Strollers that are the umbrella type but are not Maclarens really do suck. I wouldn't be surprised that you hated it! Maclarens are much different even though they look similar. They open smooth, push smoothly, have a MUCH higher weight limit. My 7.5 year has been known to ride in mine holding DS and I can still push it just fine. Frankie would have no problems riding in one, my large almost 4y still fits in one very comfortably. DD1 is a reach to fit in it now days though.

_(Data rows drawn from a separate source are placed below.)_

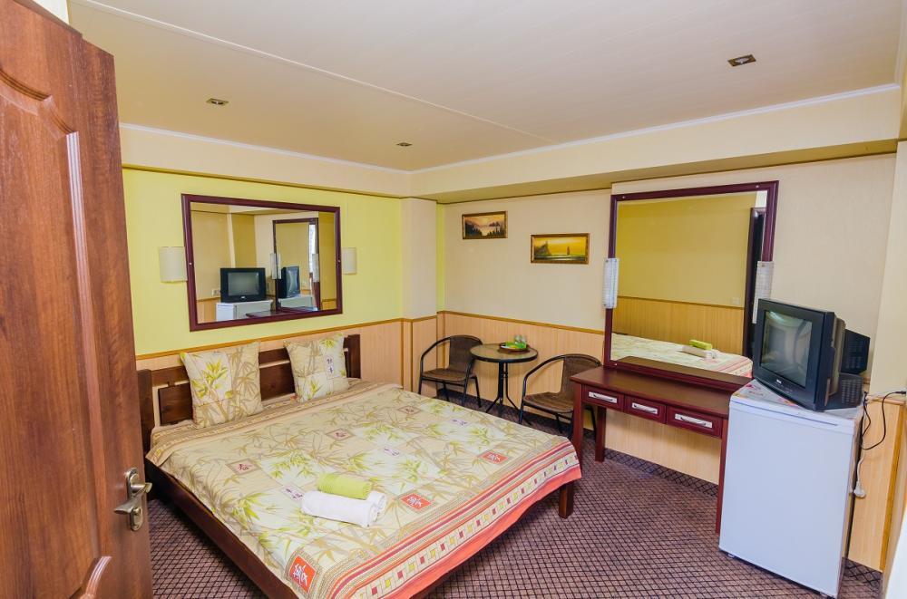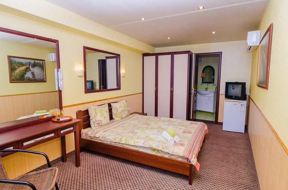 | Большая двуспальная кровать, шкаф, журнальный столик, зеркало, телевизор, интернет, кондиционер, холодильник, бокалы, санузел/душ, банное полотенце, горячая и холодная вода круглосуточно. С детьми старше 10 лет. |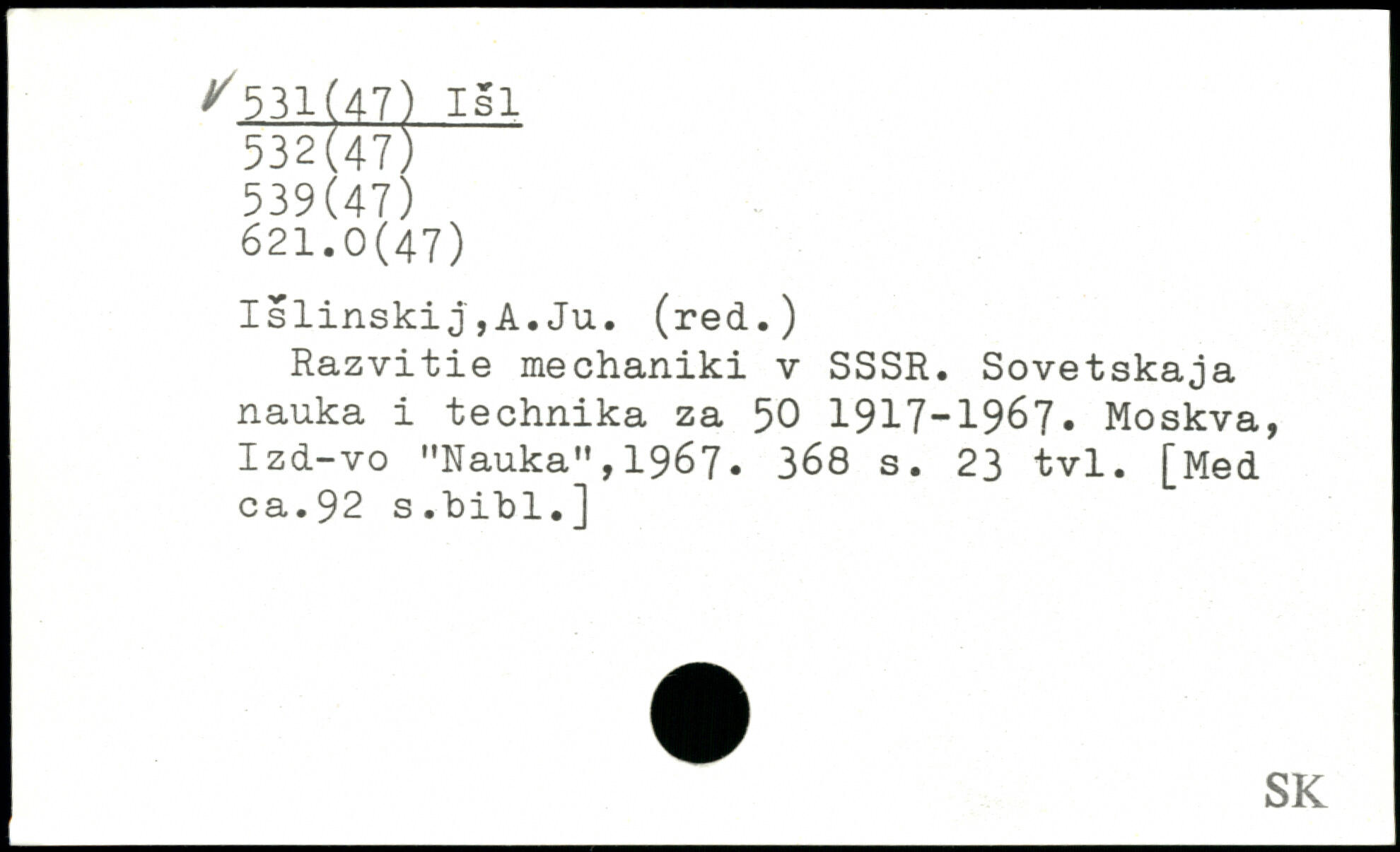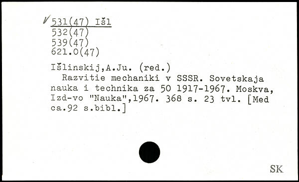 IslinskiJ,A.Ju. (red.) Razvitie mechaniki y SSSR. Sovetskaja nauka i technika za 50 1917-1967. Moskva, Izd-vo "Nauka",1967.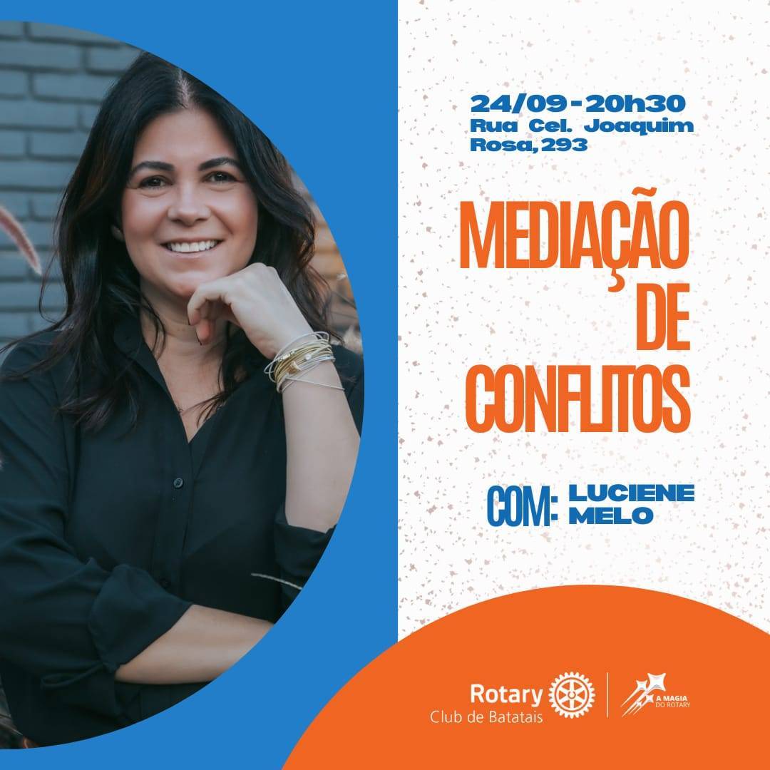 O Rotary Club de Batatais convidou para uma noite enriquecedora com a companheira Luciene Melo! No dia 24/09/24, às 20h30, na sede do clube, palestra especial sobre Mediação de Conflitos.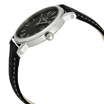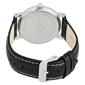 Stainless steel case with a black leather strap. Fixed stainless steel bezel. Black dial with silver-tone hands and index hour markers. Minute markers around the outer rim. Dial Type: Analog. Date display at the 3 o'clock position. Ronda caliber 505 quartz movement. Scratch resistant mineral crystal. Pull / push crown. Solid case back. Round case shape. Case size: 38 mm. Case thickness: 7.3 mm. Band width: 19 mm. Tang clasp. Water resistant at 30 meters / 100 feet. Functions: date, hour, minute, second. Casual watch style. Watch label: Swiss Made. Mathey-Tissot City Black Dial Men's Watch H611251AN.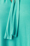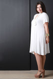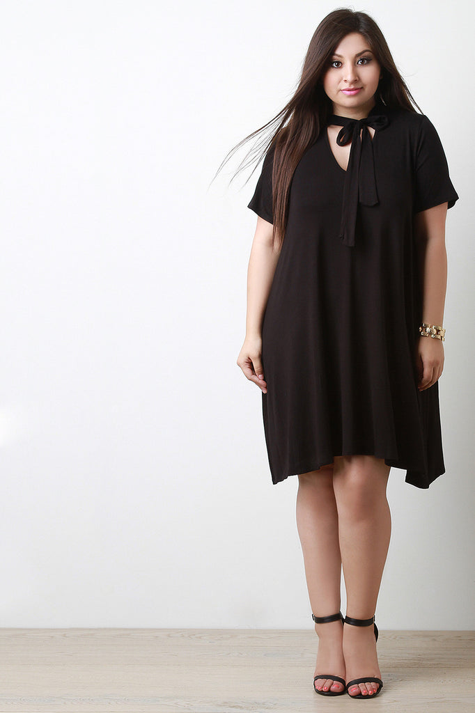 This cute plus size dress features a jersey knit fabrication, v-neckline with neck tie design, and short sleeve construction. Finished with a midi-length hemline. Accessories sold separately. Made in U.S.A. 95% Rayon, 5% Spandex.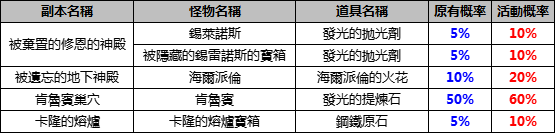 1.活動期間《修恩的耳環》製作所需材料的副本掉率最高增加至2倍。
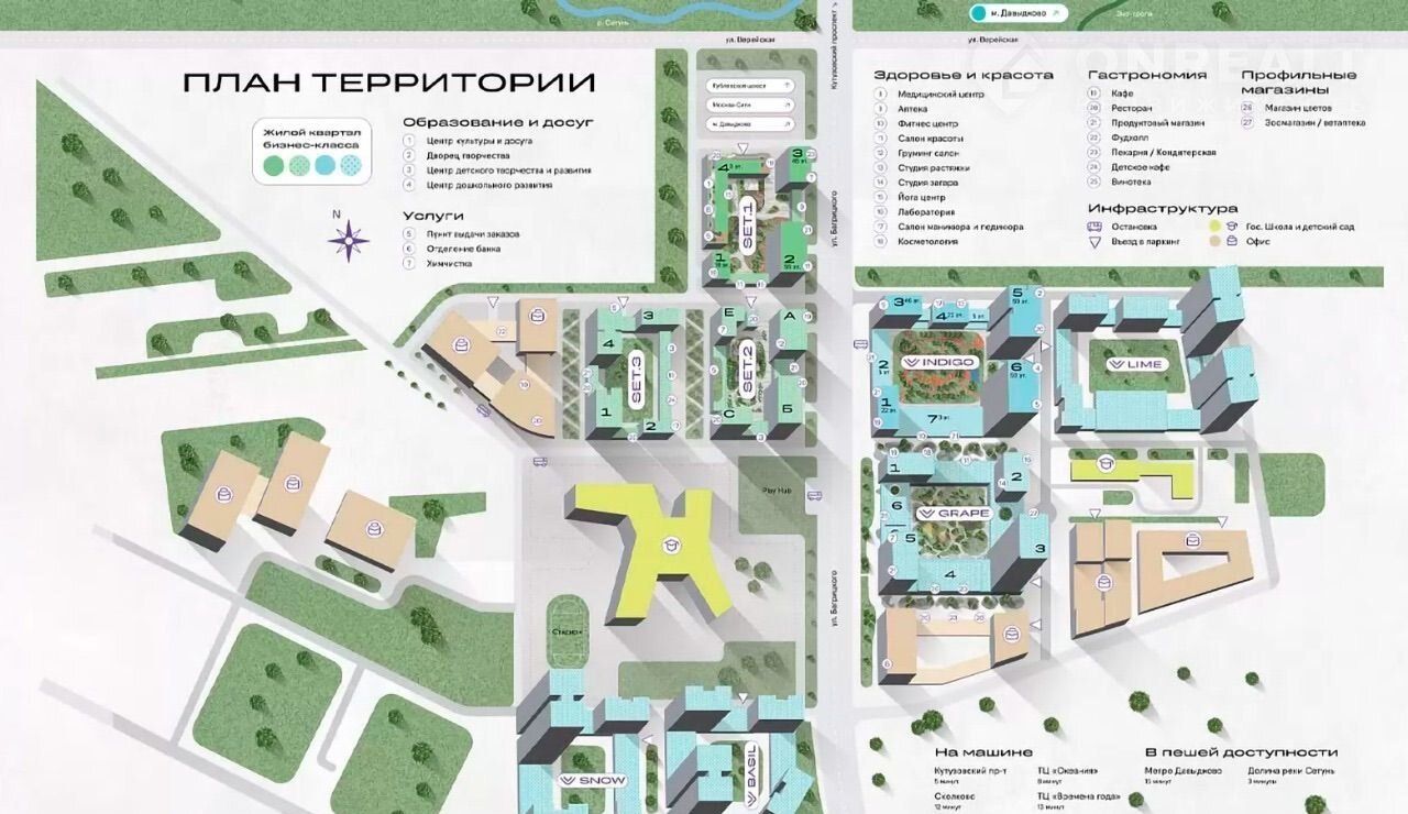 Комплекс расположен в Можайском районе, на Верейской улице, между природной зоной долины реки Сетунь, Кутузовским и Мичуринским проспектами. Рядом находится Школа управления «Сколково», Мещерский парк, экотропа «Сетунь». В 20 минутах ходьбы расположено метро «Давыдково», а природный парк «Долина реки Сетунь» находится всего в 3 минутах.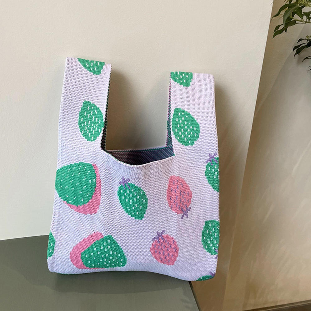 Tính năng ' 1. Những món đồ nhỏ thời trang xung quanh bạn rất thích hợp để phối hàng ngày và đi dạo phố . 2. Kết cấu dệt kim. kết cấu dày và ổn định . 3. Thiết kế họa tiết dâu tây dễ thương , cộng với nền đồng màu , mang tính thời trang . 4. Phiên bản xách tay rất linh hoạt và có thể được điều khiển rất tốt , và nó trông đẹp cho dù nó có khớp với hình dạng lõm như thế nào . 5. Cơ thể nhỏ và sức chứa lớn nên rất bắt mắt cho dù đó là mua sắm , hẹn hò hay làm việc bằng tay .

BOBs do fold down really small considering what type of stroller they are but that probably would eat up all your truck space.


----------



## AFWife (Aug 30, 2008)

Quote:


Originally Posted by *Peony* 
Strollers that are the umbrella type but are not Maclarens really do suck. I wouldn't be surprised that you hated it! Maclarens are much different even though they look similar. They open smooth, push smoothly, have a MUCH higher weight limit. My 7.5 year has been known to ride in mine holding DS and I can still push it just fine. Frankie would have no problems riding in one, my large almost 4y still fits in one very comfortably. DD1 is a reach to fit in it now days though.

BOBs do fold down really small considering what type of stroller they are but that probably would eat up all your truck space.

How "tall" is it? One thing we hate is that we have to have our arms so far down to push it. DH refuses to use it because it's so uncomfortable.


----------



## Super~Single~Mama (Sep 23, 2008)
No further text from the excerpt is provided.